Andre Haake musst Christopher Hartwig ersetzen

Ein wenig trauert der HSG-Coach dem Weggang von Christopher Hartwig hinterher, der sich studienbedingt verändern musste: „Er war einer unserer Abwehrorganisatoren. Auch im Umschalten in die Offensive war er immer einer der schnellsten am Kreis und hat in etlichen Spielen seine Klasse gezeigt.“ Haake will das Spielsystem deshalb ein wenig umstellen. „Wir sind nun breiter aufgestellt – und das wollen wir auch nutzen.“

HSG trifft auf drei zukünftige Liga-Rivalen

Der Aufsteiger soll sich beim Heimturnier weiter einspielen. Denn in den bisherigen Testspielen kamen die Gegner durchweg aus unteren Klassen. Ein echter Leistungsvergleich sei daher bislang nicht möglich gewesen, sagt Haake. Das wird sich am Wochenende definitiv ändern. Denn mit den kommenden Rivalen Schwanewede/Neuenkirchen, TV Neerstedt und TSG Hatten/Sandkrug kommen echte Prüfsteine auf die HSG zu. „Das wird eine erste Standortbestimmung“, glaubt Haake. „Denn die anderen Teams werden wohl auch in stärkster Besetzung antreten.“

Hoykenkamps Trainer Jörn Franke zuversichtlich

Nicht als Kanonenfutter abschießen lassen wollen sich die Gemeinderivalen Hoykenkamp und Grüppenbühren/Bookholzberg. TSH-Trainer Jörn Franke ist nach der bisherigen Vorbereitung auch optimistisch, dass dies nicht passiert. „Alle Akteure ziehen voll mit, in den bisherigen Testspielen zeigte die Mannschaft schon gute Ansätze.“ Wie am vergangenen Wochenende, als die Turnerschaft das eigene Turnier in Hoykenkamp gewann. Beim Engelbart-Cup ist der TSH-Kader zur Freude von Franke komplett. Er hofft deshalb, dass sich seine Mannschaft im spielerischen und taktischen Bereich weiter verbessert.

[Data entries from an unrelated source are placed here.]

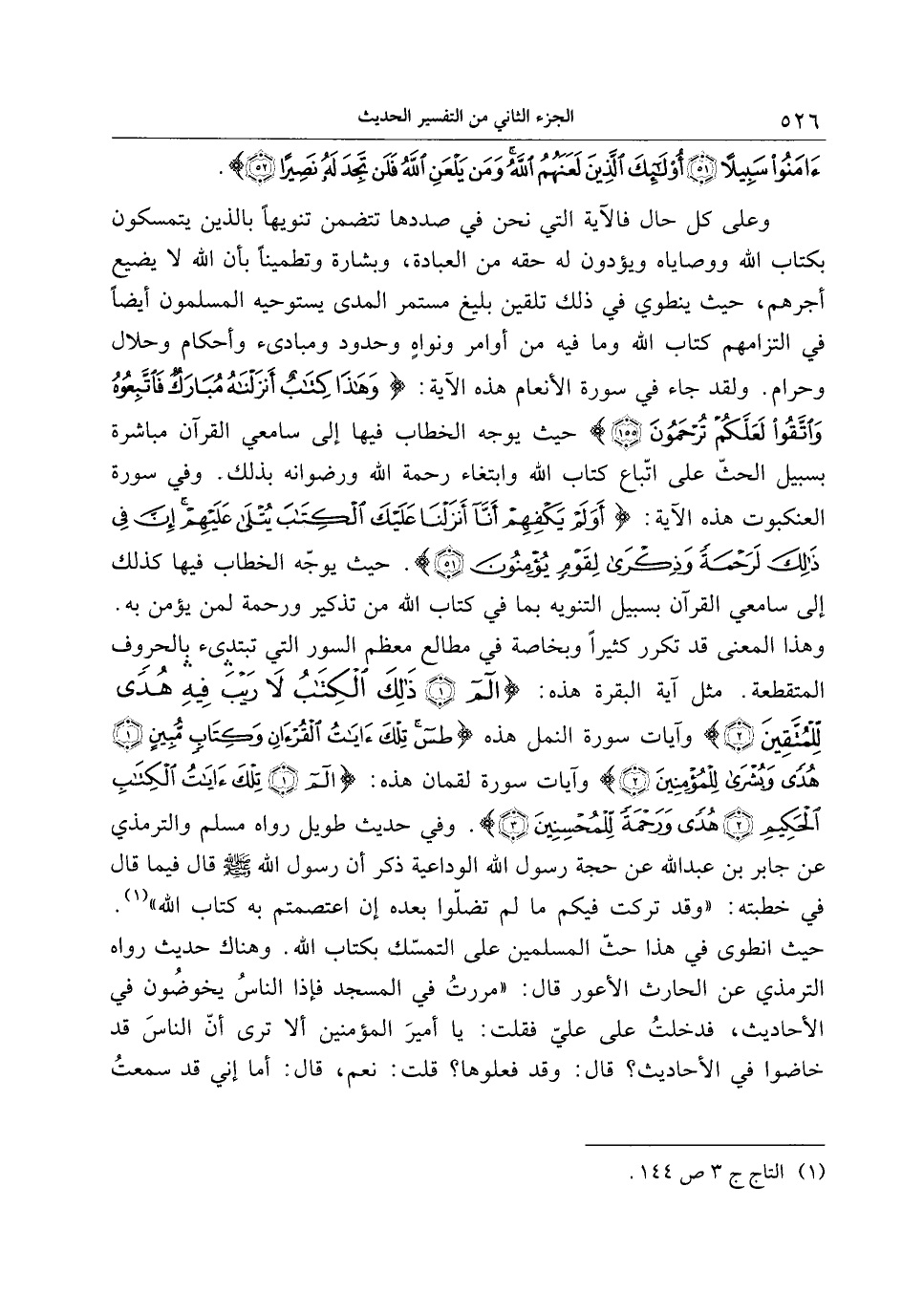 وهذا المعنى قد تكرر كثيرا وبخاصة في مطالع معظم السور التي تبتدئ بالحروف المتقطعة. مثل آية البقرة هذه: الم (1) ذلِكَ الْكِتابُ لا رَيْبَ فِيهِ هُدىً لِلْمُتَّقِينَ (2) وآيات سورة النمل هذه طس تِلْكَ آياتُ الْقُرْآنِ وَكِتابٍ مُبِينٍ (1) هُدىً وَبُشْرى لِلْمُؤْمِنِينَ (2) وآيات سورة لقمان هذه: الم (1) تِلْكَ آياتُ الْكِتابِ الْحَكِيمِ (2) هُدىً وَرَحْمَةً لِلْمُحْسِنِينَ (3) . وفي حديث طويل رواه مسلم والترمذي عن جابر بن عبد الله عن حجة رسول الله الوداعية ذكر أن رسول الله صلّى الله عليه وسلّم قال فيما قال في خطبته: «وقد تركت فيكم ما لم تضلّوا بعده إن اعتصمتم به كتاب الله» «1» .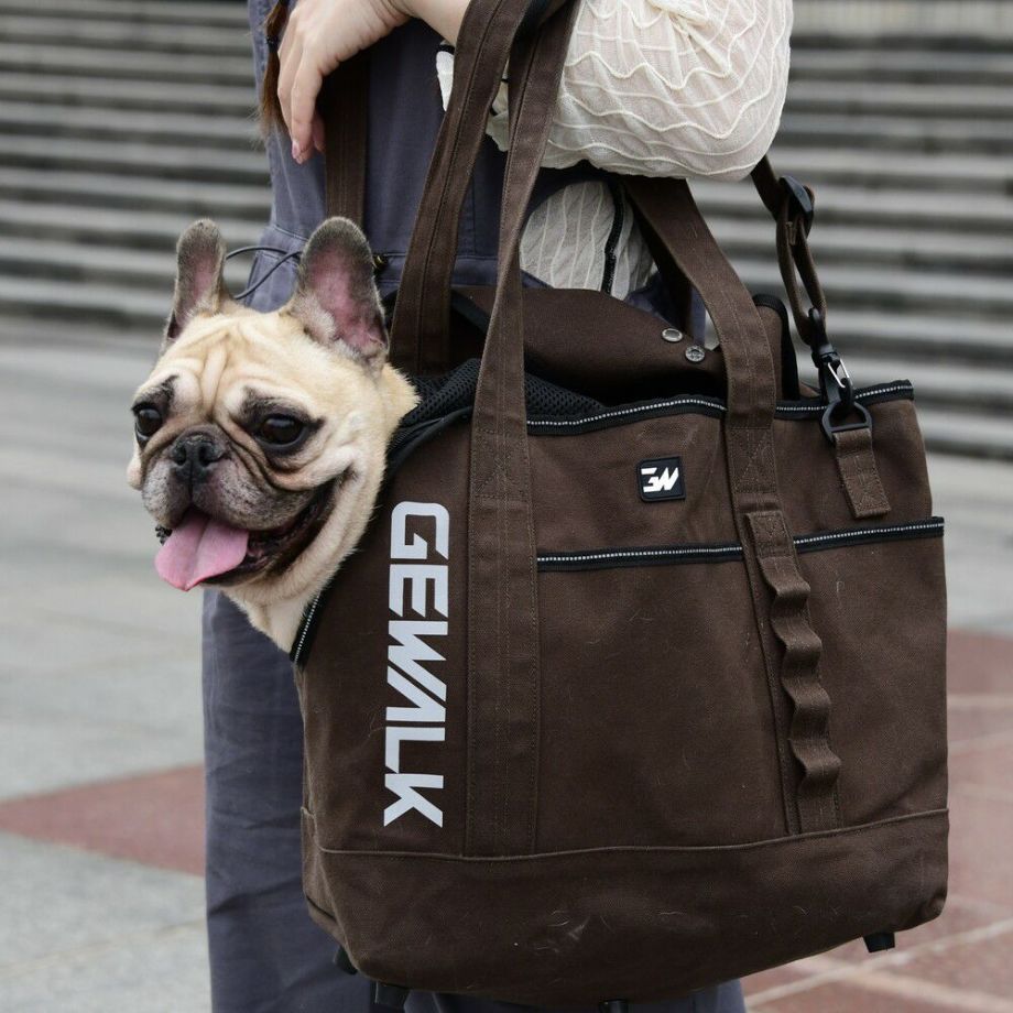 犬・猫などの小型ペットを入れて運べるコットン100%でできたキャリーバッグです。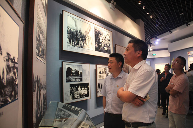 來(lái)到紀(jì)念館,醒目的藍(lán)白相間的 “N4A”臂章圖案,鑲嵌在展廳正門(mén)上方,兩側(cè)旗行的花崗石陰雕畫(huà),藝術(shù)地再現(xiàn)了新四軍魚(yú)八路軍在白駒獅子口勝利會(huì)師和皖南事變后新四軍在鹽城重建軍部的歷史場(chǎng)面。進(jìn)入館中,黨員們一路認(rèn)真傾聽(tīng)講解員講述新四軍的光輝戰(zhàn)斗歷程。1000多幅照片、大批文物史料、一幅幅還原歷史的逼真場(chǎng)景將我們帶回到那個(gè)戰(zhàn)火紛爭(zhēng)的年代,體會(huì)革命先烈在崢嶸歲月中頑強(qiáng)抗擊日軍的英雄本色和為中國(guó)革命事業(yè)不怕?tīng)奚o(wú)私奉獻(xiàn)的革命情懷。在新四軍領(lǐng)導(dǎo)的雕像前,黨員們嚴(yán)肅認(rèn)真,面朝黨旗,重溫入黨宣誓。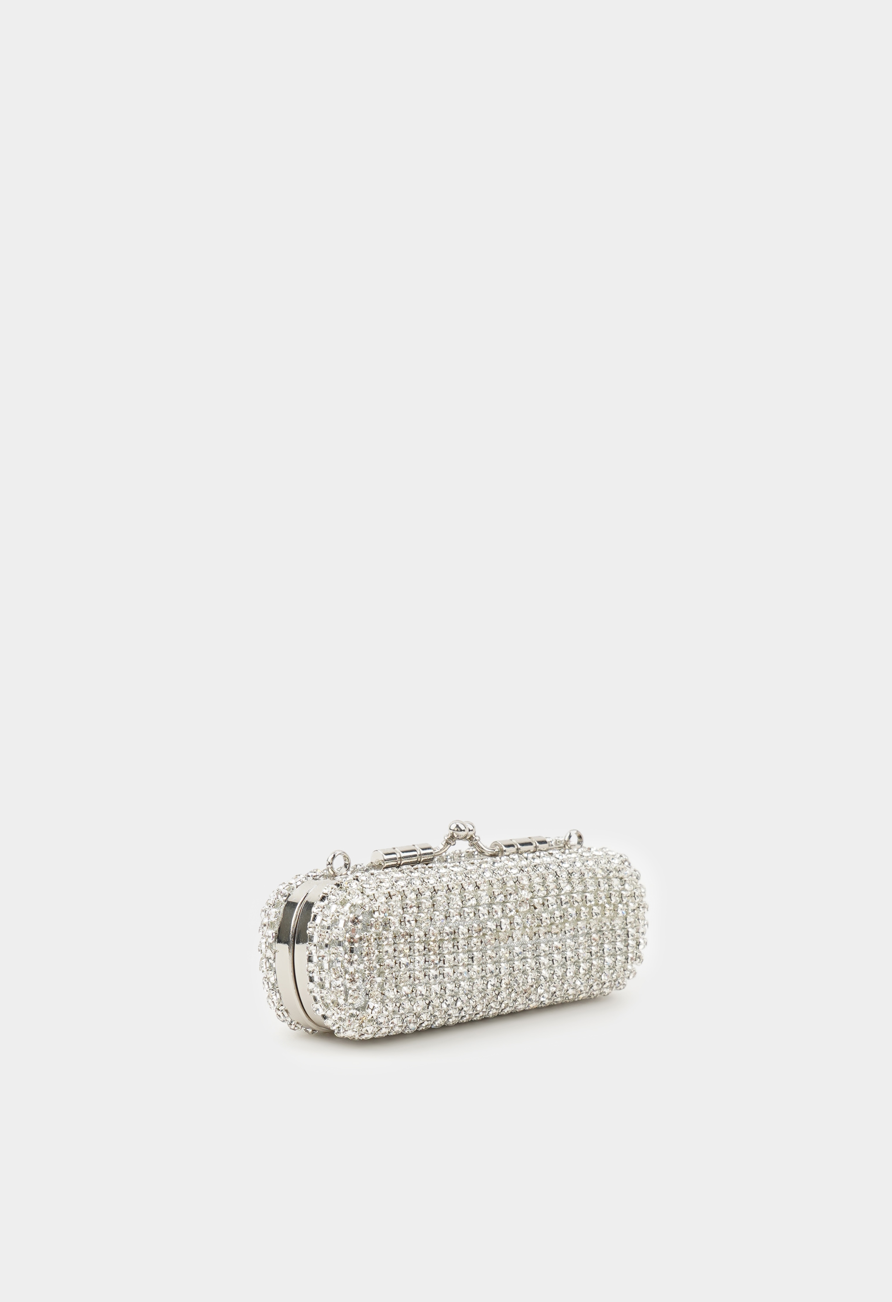 Роскошный серебряный клатч, полностью усыпанный сияющими стразами, создан для тех случаев, когда хочется блистать: он эффектно переливается при любом свете и моментально превращает даже самый базовый образ в вечерний. Жесткая форма держит идеальный вид, а защелкивающаяся застежка сохраняет содержимое в безопасности. В комплекте есть серебряная цепочка, чтобы вы могли носить клатч на плече или в руках, оставаясь свободной и уверенной весь вечер.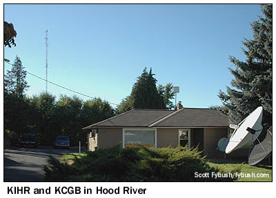 It's here that we say goodbye to Kent, and to Portland. There's much left unseen, including a whole cluster of AM sites on the Washington State side of the market, and we will surely be back at some point to see more of the sites in this wonderful market. Now, though, we're taking advantage of a few remaining hours of daylight to make the scenic drive east on I-84 through the Columbia River Gorge, stopping first at the Bonneville Dam hydroelectric plant (where you can watch the salmon swim through the fish ladder down below water level), then in the small town of Hood River, 65 miles east of Portland. KIHR (1340) and KCGB (105.5) are the local commercial stations, and they're in a little house on a hill just southwest of downtown.
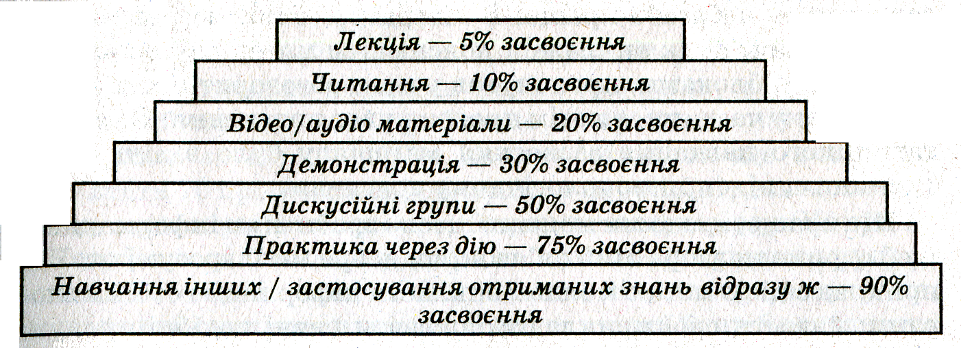 З піраміди видно, що найменших результатів можна досягти за умов пасивного навчання (лекція — 5%, читання — 10%), а найбільших — інтерактивного (дискусійні групи — 50%, практика через дію — 75%, навчання інших чи негайне застосування — 90%). Це, звичайно, середньостатистичні дані, і в конкретних випадках результати можуть бути дещо іншими, але в середньому таку закономірність може простежити кожен педагог.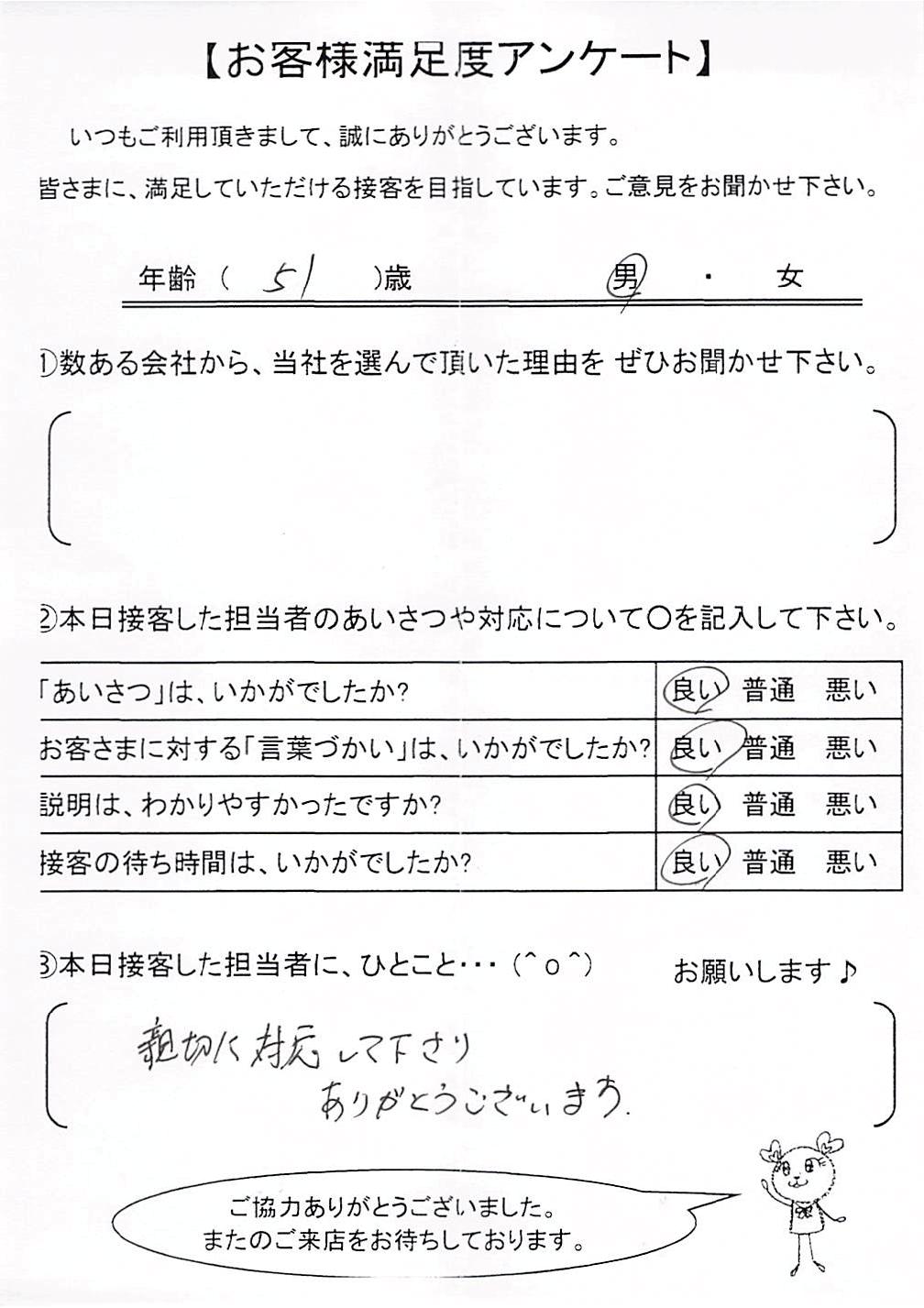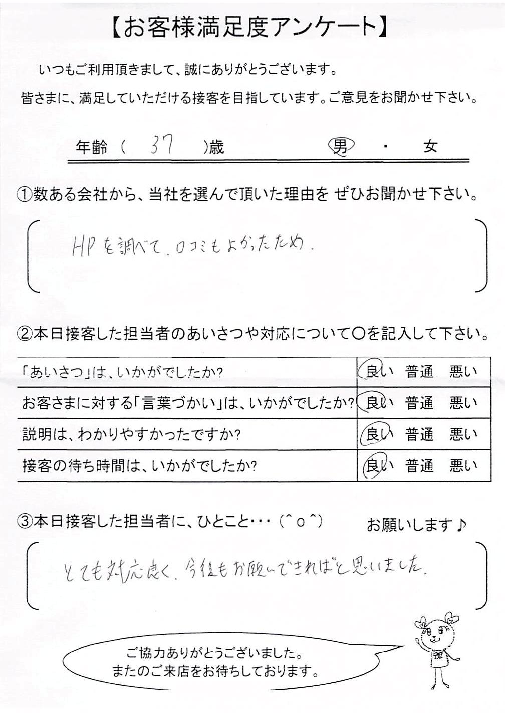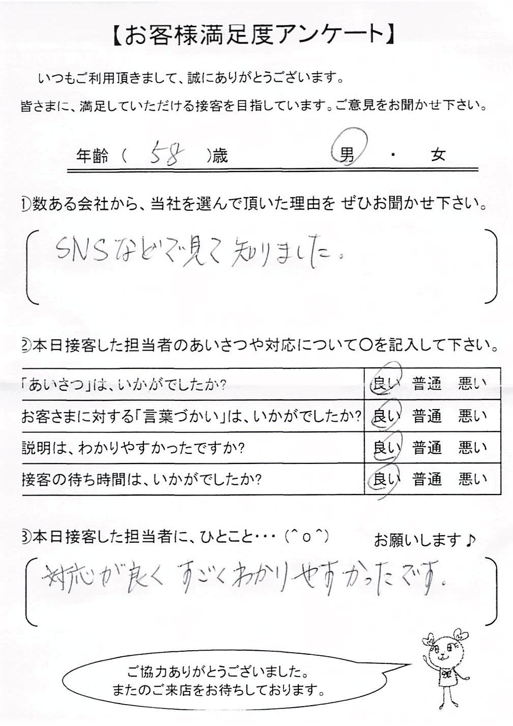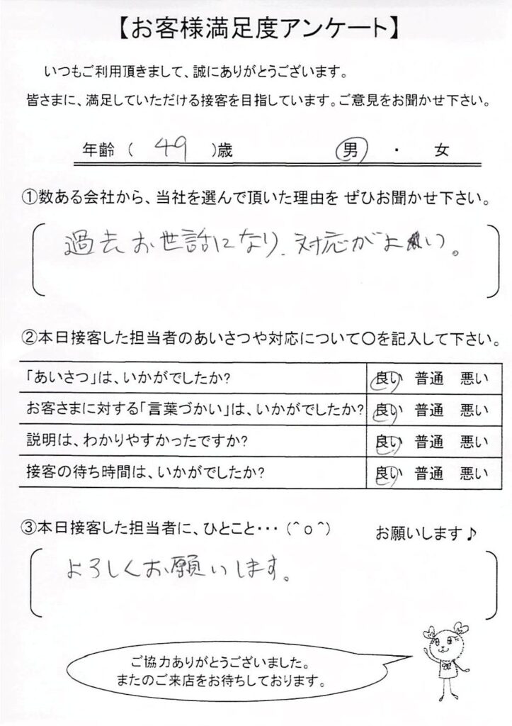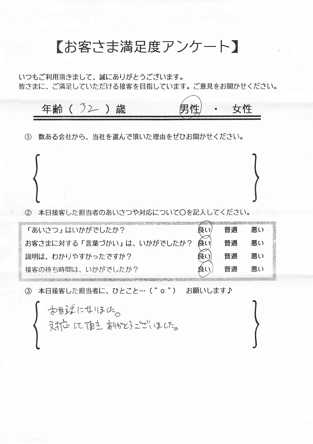 クチコミ・評判の書かれた、お客さまが実際に回答されたアンケートの原文がこちら↓

Grüppenbührens Trainer Sven Engelmann skeptisch

Im Gegensatz zum Nachbarn Hoykenkamp ist Grüppenbührens Trainer Sven Engelmann mit dem bisherigen Stand der Vorbereitung noch nicht zufrieden. Das habe gerade das stramme Programm mit etlichen Trainingseinheiten in den vergangenen sechs Tagen und vier Testspielen zum Abschluss gezeigt, erklärt Engelmann. „Wir müssen uns spielerisch noch weiter verbessern. Auch im taktischen Bereich läuft es noch nicht so rund“, zog er ein deutliches Fazit.

Während der HSGCoach am Freitag noch auf einen kompletten Kader zurückgreifen kann, werden am Samstag wohl einige Spieler aus privaten Gründen fehlen.